Only one stretch of the data is wanted: the line containing "La présentation de", the line containing "The bark is", and every line between them, copied exactly.

(Provided entries begins)

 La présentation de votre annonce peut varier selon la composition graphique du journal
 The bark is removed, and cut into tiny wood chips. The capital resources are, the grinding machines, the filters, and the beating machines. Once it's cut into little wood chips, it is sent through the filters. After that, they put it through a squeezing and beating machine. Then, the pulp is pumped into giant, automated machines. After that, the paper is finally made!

(Provided entries ends)
(Provided entries begins)

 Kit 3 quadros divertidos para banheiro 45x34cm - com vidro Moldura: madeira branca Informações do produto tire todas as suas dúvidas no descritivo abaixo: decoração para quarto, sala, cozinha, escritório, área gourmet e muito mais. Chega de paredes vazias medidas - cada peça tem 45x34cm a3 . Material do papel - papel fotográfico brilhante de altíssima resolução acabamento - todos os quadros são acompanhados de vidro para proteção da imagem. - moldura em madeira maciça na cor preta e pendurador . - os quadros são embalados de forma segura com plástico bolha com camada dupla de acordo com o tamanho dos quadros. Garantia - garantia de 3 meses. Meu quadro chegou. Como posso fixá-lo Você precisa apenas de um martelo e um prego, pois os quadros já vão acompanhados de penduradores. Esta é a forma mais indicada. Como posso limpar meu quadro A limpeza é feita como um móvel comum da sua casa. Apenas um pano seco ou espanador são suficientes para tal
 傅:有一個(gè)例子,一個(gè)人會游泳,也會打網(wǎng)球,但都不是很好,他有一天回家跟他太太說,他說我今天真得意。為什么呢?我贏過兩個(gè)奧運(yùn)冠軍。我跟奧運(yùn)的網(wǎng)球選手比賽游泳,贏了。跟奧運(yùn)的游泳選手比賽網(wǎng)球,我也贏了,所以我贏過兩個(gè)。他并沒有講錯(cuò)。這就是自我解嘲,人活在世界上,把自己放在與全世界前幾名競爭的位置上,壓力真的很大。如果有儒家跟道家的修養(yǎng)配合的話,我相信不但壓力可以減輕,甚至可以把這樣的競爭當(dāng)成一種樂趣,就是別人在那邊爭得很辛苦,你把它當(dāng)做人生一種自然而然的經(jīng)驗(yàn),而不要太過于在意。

(Provided entries ends)
(Provided entries begins)

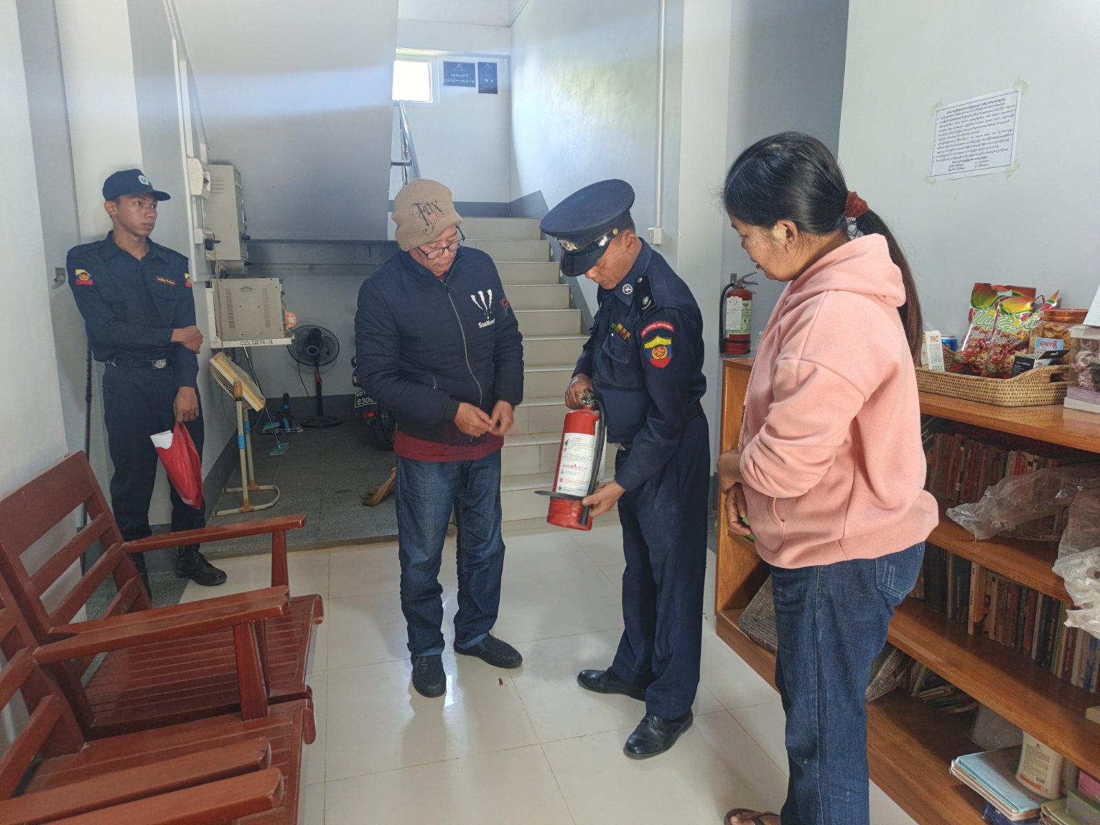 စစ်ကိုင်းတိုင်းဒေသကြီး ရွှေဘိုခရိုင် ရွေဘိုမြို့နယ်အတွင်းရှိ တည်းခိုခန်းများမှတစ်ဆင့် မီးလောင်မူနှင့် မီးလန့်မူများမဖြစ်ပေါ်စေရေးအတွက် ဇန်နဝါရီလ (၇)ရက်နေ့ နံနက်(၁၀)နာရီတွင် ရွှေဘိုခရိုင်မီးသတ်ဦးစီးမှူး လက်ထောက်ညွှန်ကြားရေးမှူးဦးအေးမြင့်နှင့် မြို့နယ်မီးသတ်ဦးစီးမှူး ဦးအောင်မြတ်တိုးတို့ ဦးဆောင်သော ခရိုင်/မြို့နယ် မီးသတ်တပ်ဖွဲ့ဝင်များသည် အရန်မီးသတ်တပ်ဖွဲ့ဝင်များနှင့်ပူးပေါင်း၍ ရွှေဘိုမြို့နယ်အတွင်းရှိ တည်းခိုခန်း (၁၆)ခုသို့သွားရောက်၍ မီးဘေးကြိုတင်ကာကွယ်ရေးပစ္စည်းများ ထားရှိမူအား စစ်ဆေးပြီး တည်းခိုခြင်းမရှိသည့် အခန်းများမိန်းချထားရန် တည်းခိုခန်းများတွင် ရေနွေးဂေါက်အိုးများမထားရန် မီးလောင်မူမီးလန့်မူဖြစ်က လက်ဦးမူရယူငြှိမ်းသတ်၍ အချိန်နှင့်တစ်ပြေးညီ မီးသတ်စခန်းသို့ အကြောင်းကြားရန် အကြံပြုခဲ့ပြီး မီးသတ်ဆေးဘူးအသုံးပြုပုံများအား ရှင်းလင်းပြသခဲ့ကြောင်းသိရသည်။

(Provided entries ends)

| Answer section |
 La présentation de votre annonce peut varier selon la composition graphique du journal
 The bark is removed, and cut into tiny wood chips. The capital resources are, the grinding machines, the filters, and the beating machines. Once it's cut into little wood chips, it is sent through the filters. After that, they put it through a squeezing and beating machine. Then, the pulp is pumped into giant, automated machines. After that, the paper is finally made!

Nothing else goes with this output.